ESV testing for JEnt uses an oversampling rate of 3, so even if you don’t want to use the precise setup described in the certificate (maybe a different version of OS, etc), the entropy rate from this will be more than adequate.
How does the disconnected audio input of any random PC or thinclient compare?
I continue to find it a bit silly to see "with a raspberry pi" when people just mean "with any random linux box that doesn't need to be very powerful".
It's like listening to NPR, where every smartphone is an iPhone even if it's an Android, you know?
>How does the disconnected audio input of any random PC or thinclient compare?
That will give you RF noise, which isn't really random.
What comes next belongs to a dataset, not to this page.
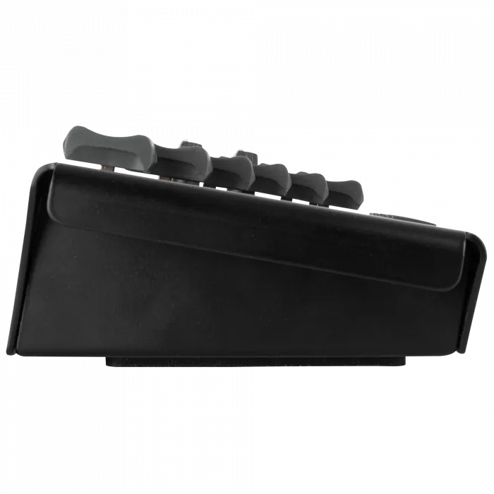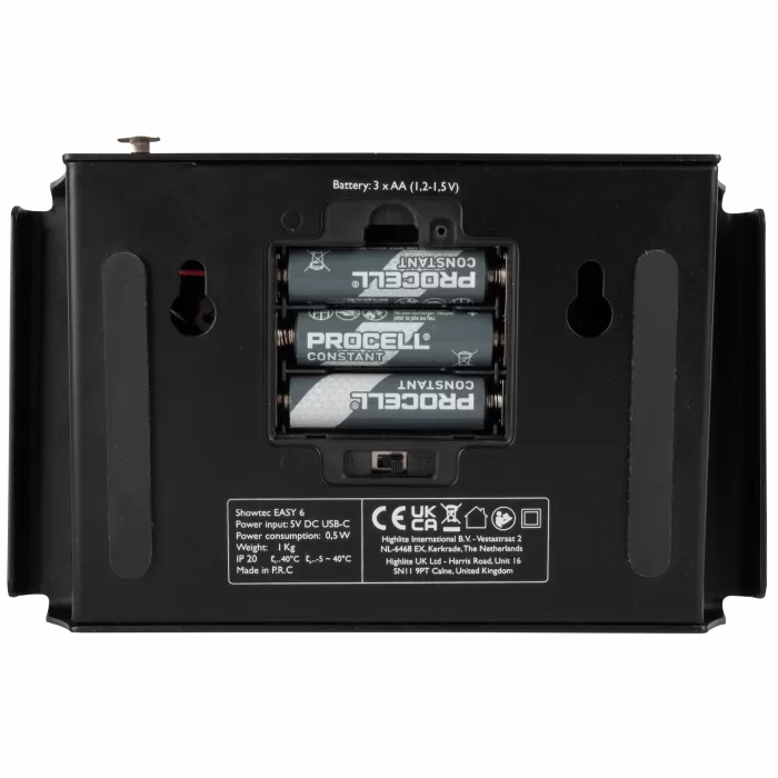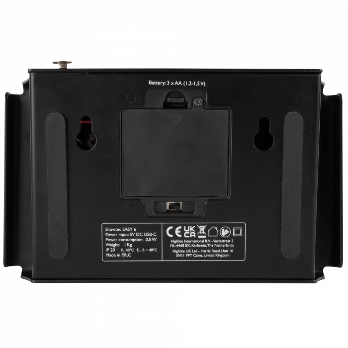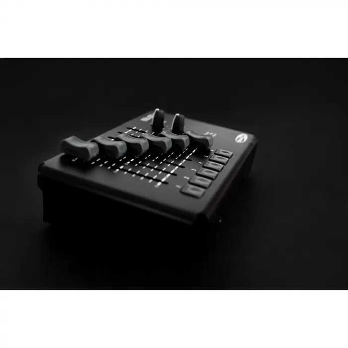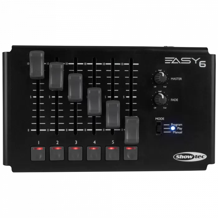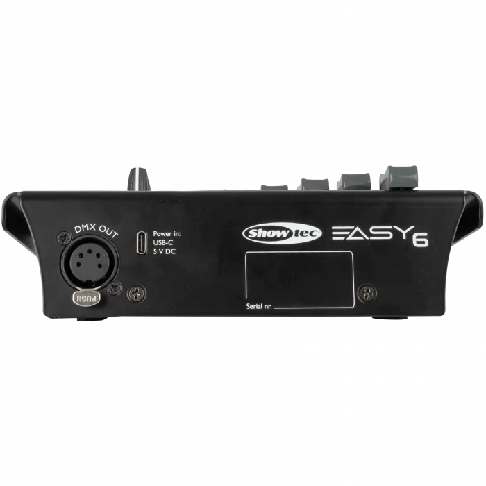 The Showtec Easy 6 is a compact, 6-channel DMX controller with 6 faders, 6 buttons with integrated LEDs, a mode button, a rotary fade knob and a master dimmer knob. It's ideal for situations with simple light setups like exhibitions or small shops, or for stage crews to test DMX equipment. With integrated handles and 2 mounting slots, the Easy 6 can be used in different ways. Scenes can be stored on each of the buttons and the integrated LEDs indicate whether a playback scene is stored on a button or not. In manual mode, the faders set the dimmer values, in playback mode, stored scenes are output when the buttons are pressed and in program mode, pressing a button stores the fader value. The side of the controller has a DIP switch that makes it possible to change the starting address of the 6 channels. The controller can be powered by USB-C or 3 AA batteries.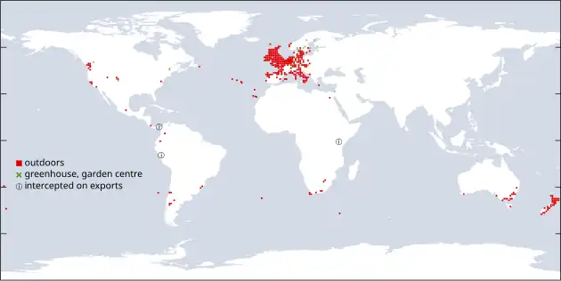 - Canada: Quebec (greenhouses 1966),[39] British Columbia (1974),[40] Alberta (2021),[41] Newfoundland (2012).[42] Records from Ontario require confirmation.[8]

Electrical noise (including RF noise) is really random, as in it is impossible to predict exact value.
It does have non-flat spectrum, meaning some values are more probable than others, but that only means you need to whiten it. (A rough analogy might be a 6-sided die labeled with 1,1,1,2,3,4 - yes, number 1 is much more likely to come out. No, this does not make it "not really random", and some trivial math can produce ideal random stream out of it)
The only problem with audio input is that you may end up with non-random value - like all-zero output. But properly implemented whitener should detect this and stop outputting any value at all.
it's an often-made mistake where random generation / randomness is confused with probability distribution. Having said that, I don't know (as is in really don't know) if RF noise is unbiased; doesn't sound like it?
If you are talking about DC bias (as in, long term average of raw readings), then "unconnected audio input" is pretty likely to have it - it's easy to introduce via component tolerances, and there is no real reason to keep it exactly zero for audio purposes. But it's also pretty trivial to fix in software.
If you are talking bias in more general sense, then audio input noise is non-uniform in the frequency space, for example there is low-pass filter which filters out high input frequency, and it will affect noise values too. Good whitening algorithm is essential.
The good news however is there are many noise sources which are actually caused by quantum effects in electronic parts, and therefore completely unpredictable. Even if NSA recorded all RF noise, they still could not predict what the ADC will capture. (But they might be able to capture digital bits as they travel over the bus...)
> That will give you RF noise, which isn't really random.
what does "really" random even mean in this context? does it actually matter?
given 3 hypothetical devices in a homelab:
a) does no specialized hardware entropy collection, and instead relies entirely on the standard Linux kernel mechanisms
b) does entropy collection based on the RF noise that you're saying isn't "really" random
c) does entropy collection based on whatever mechanism you have in mind that generates "real" randomness (hand-carving bits of entropy out of quantum foam, or whatever)
even if your threat model includes "the NSA tries to break into my homelab"...device A will almost certainly be fine, they'll have ways of getting access that are much simpler than compromising the entropy pool.
I suppose device B has a theoretical vulnerability that if the NSA had physical access to your homelab, they could monitor the RF environment, and then use that to predict what its inputs to the entropy pool were. but...that's assuming they have physical access, and can plant arbitrary equipment of their own design. at that point, they don't need to care about your entropy pool, you're already compromised.
Suitably similar RSA keys well compromise each other.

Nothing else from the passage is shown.